Wednesday, August 12, 2009

In Praise of Juliet

The Juliet is my favorite tomato cultivar. I know heirloom tomatoes are all the rage these days. They are beautiful and succulent, delicious sliced and sprinkled with just a little salt. I do grow a few large slicing tomatoes, as well as tomatoes for pizza sauce, such as Viva Italia (last year) and Amish Paste (this year). But the little Juliet is dependable, tasty, and prolific; in sum, a sure bet.

These elongated cherry-style tomatoes have performed for me in good soil and bad; in poor weather and great weather. I planted some the summer after we moved into this house, before I’d had a chance to start improving the soil, and was rewarded with dozens of tasty fruits. This summer has been unseasonably cool, and the Juliets are the only cultivars (so far) on which fruit has ripened (partly, or maybe mostly, because they are smaller tomatoes.)

Tomatoes need nighttime temperatures of above 60 degrees F for fruit set, and we have had many nights this summer when the low hovered at or just below that temperature. I consider myself lucky to have as many fruits on all my tomato cultivars as I do. But the Juliets are really loaded with tomatoes, most of them full-size and ready to ripen.

Juliets are less sweet than grape tomatoes, and have a better flavor than the traditional cherry tomato. They will complement a salsa or stand up to a pasta sauce. They’re also ideal for drying, with thick walls and little pulp. Apparently, you just slice them in half, push out the pulp, turn inside out, and place in the dryer, skin side down.
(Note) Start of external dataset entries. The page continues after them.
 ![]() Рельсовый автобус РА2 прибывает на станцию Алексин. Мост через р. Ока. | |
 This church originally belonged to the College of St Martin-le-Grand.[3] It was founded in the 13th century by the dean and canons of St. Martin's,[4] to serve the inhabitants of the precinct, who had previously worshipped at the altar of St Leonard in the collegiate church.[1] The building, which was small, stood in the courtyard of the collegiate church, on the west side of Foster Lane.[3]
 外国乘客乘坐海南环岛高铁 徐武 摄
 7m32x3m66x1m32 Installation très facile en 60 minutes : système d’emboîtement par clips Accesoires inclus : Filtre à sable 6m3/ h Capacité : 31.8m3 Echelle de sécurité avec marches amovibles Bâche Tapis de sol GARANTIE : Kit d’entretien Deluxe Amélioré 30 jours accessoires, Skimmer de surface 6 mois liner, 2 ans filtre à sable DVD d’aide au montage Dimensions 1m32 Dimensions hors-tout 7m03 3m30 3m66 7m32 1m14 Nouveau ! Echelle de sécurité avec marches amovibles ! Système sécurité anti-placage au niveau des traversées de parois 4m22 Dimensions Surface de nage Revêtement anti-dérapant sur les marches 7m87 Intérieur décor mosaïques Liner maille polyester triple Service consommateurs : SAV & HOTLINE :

The University of Wisconsin extension advises against solar food drying because the weather here is humid. However, Minnesota homesteaders Larisa Walk and her husband Bob Dahse have designed a solar food dryer that works in our climate. Instructions for building one are in Walk’s booklet A Pantry Full of Sunshine, which you can purchase through
their website.

Sue Robishaw, another upper Midwestern homesteader,
has built the dryer and reports that:

[It] works by convection, drawing air in at the bottom which flows across the trays of food and exits out the top taking moisture with it. And it works in the humid Midwest because there isn’t much space in the dryer for that moist air to hang around in – it quickly moves out.
I plan to build the dryer this winter and try it out next year. If you’ve ever canned tomatoes, you know what a job it is – blanching, peeling, packing hot jars – made more miserable because you’re usually slaving over a hot stove during the hottest time of year. If the tomato drying works out, I may never can another tomato, except as pizza or pasta sauce. The thought of escaping a sweltering kitchen for the chaise lounge in the shade with a good book while the sun dries my tomatoes is very appealing. And I’m told sun-dried tomato-based pasta sauces in winter are delicious.
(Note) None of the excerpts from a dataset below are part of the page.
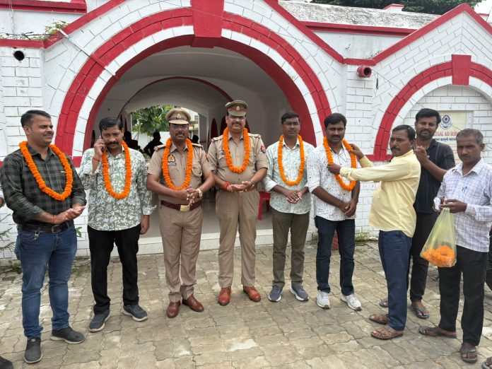 बस्ती में ई-रिक्शा बैटरी चोर गिरोह का पर्दाफाश करने वाली पुलिस टीम को ई रिक्शा चालकों ने किया सम्मानित
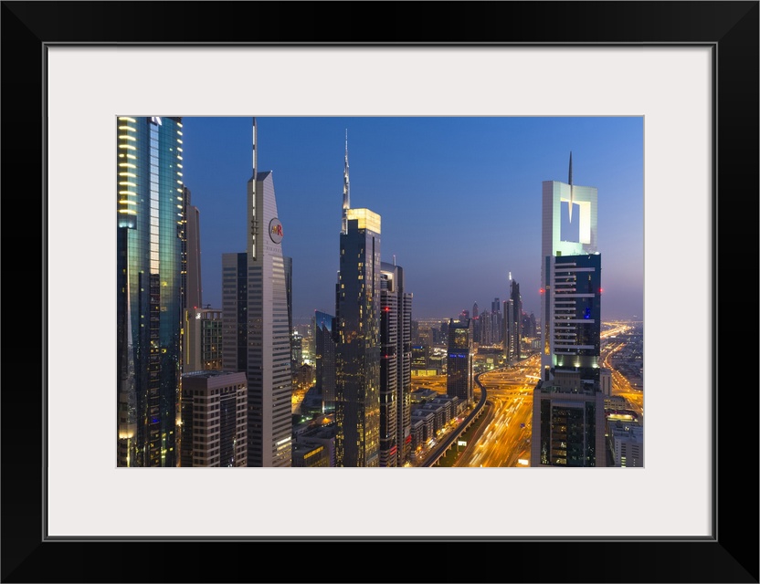 <p>United Arab Emirates, Dubai, Arab states of the Persian Gulf, Arabian peninsula, Futuristic buildings on Sheikh Zayed Road.</p>
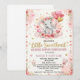 Organisez une fête prénatale de rêve avec cette charmante invitation "Petit cœur", conçue spécialement pour la célébration d'une petite fille de la Saint-Valentin. Cette carte présente un adorable éléphant bébé à l'aquarelle tenant des ballons en forme de cœur, niché parmi de douces pivoines roses et des étoiles dorées.
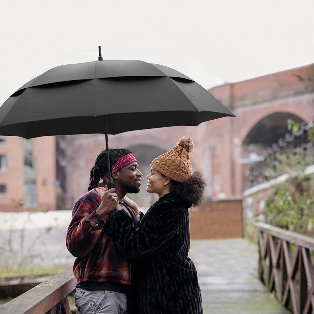 60-inch wide dome, double-layer breathable and waterproof umbrella, reinforced fiberglass frame, easily cope with heavy rain and strong winds
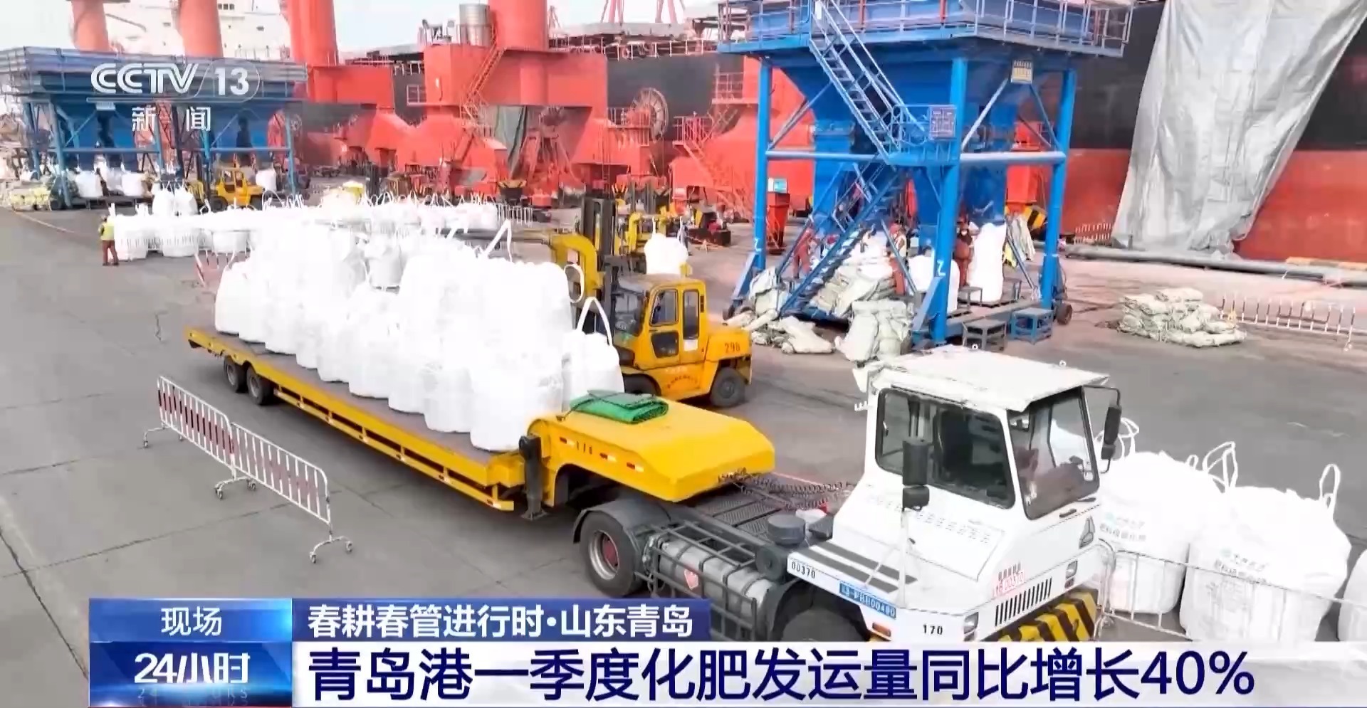 4月5日,在青岛港大港港区,一艘满载5.8万吨进口化肥的货轮正在进行接卸作业。这是青岛港今年迎来的第3艘化肥进口运输货轮。随后,这些化肥将通过码头“三路疏运”到山东、河北、河南、东北等粮食主产区,精准对接农时需求、增强农资供给。
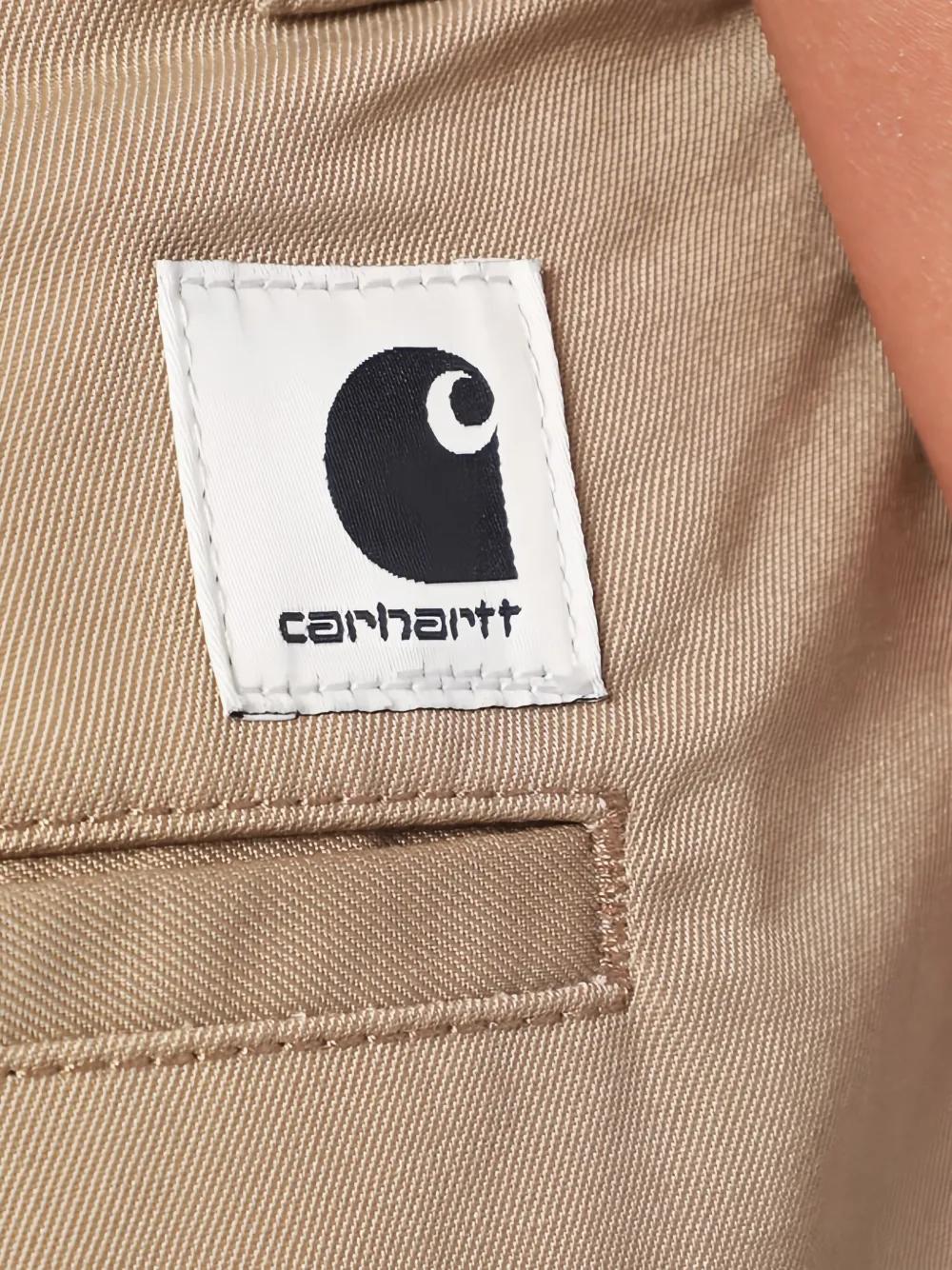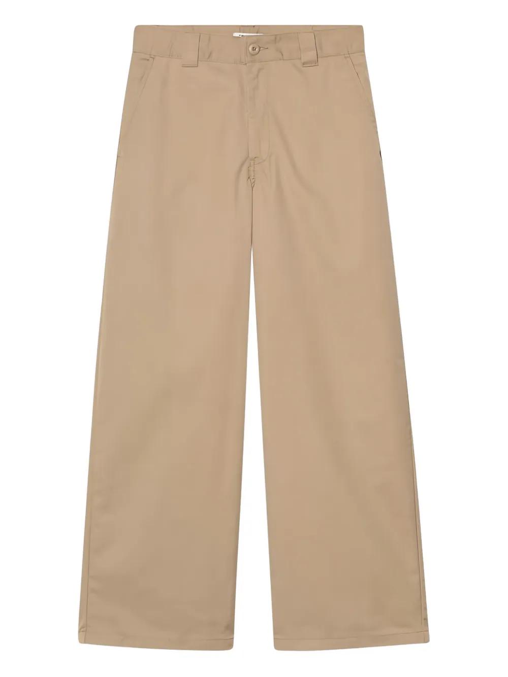 beige front button and zip fastening cotton blend high-waisted side slit pockets belt loops rear welt pockets

The only complication with Juliets is that they are hybrids, meaning that saved seeds will not breed true. A major reason heirloom vegetables are so popular now is because the seeds can be saved. So, how will I minimize purchased inputs and do an end run around corporate seed producers? By taking cuttings from this year’s plants.
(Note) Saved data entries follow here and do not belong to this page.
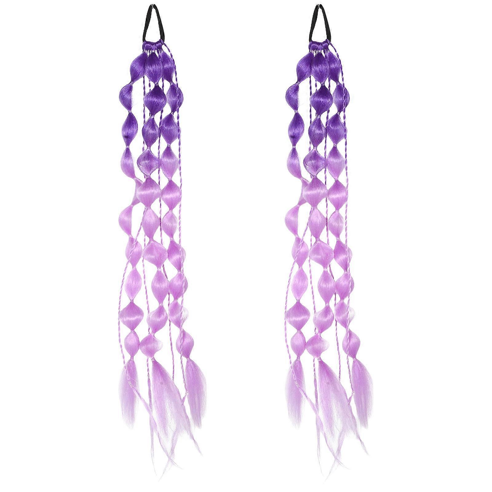 Colored Braided Ponytail Extension Wig for Child with 2Pcs Bubble Hair Tie
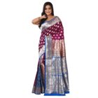 - **Material**: Made from premium **pure Katan silk**, known for its smooth texture and durability. – **Weaving Technique** **Banarasi weaving techniques**. – **Design**: **Minakari work** features intricate floral or geometric patterns woven with vibrant colored threads. – **Border & Pallu**: Rich, zari-decorated borders and pallu, showcasing opulent craftsmanship. – **Blouse Piece**: Comes with a matching **unstitched blouse piece**, allowing for personalized tailoring. – **Occasion**: Ideal for weddings, festive events, or any special occasions. – **Lightweight and Comfortable**: Despite its rich look, it’s lightweight and easy to drape.
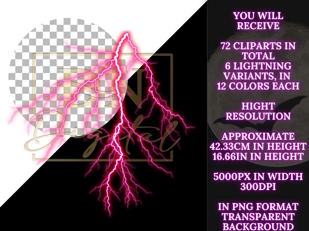 Illuminate your designs with our Lightning Overlays Clipart Collection!⚡🌩️ With a total of 72 cliparts featuring 6 lightning variants in 12 colors each, you'll have endless possibilities to add dynamic and dramatic effects to your projects. Enhance your visuals with high-quality lightning overlays that are easy to use and perfect for both digital and print creations.
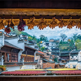 挂在山崖上的篁岭古村,地无三尺平,数百年来,村民早已习惯用平和的心态与崎岖的地形“交流”,绘就出了一处“晒秋人家”风情画。

I’ve done this successfully with annuals like geraniums and coleus. Tomatoes are perennials in warm climates and easily grow adventitious roots along any section of stem that is beneath the soil line. They’ll probably get a bit spindly over the winter, and certainly won’t produce fruit, but in early spring I’ll take cuttings from new growth on these little seedlings and put them under grow lights with other seeds I’m starting. By the time it’s warm enough to plant them out, they should be sturdy plants.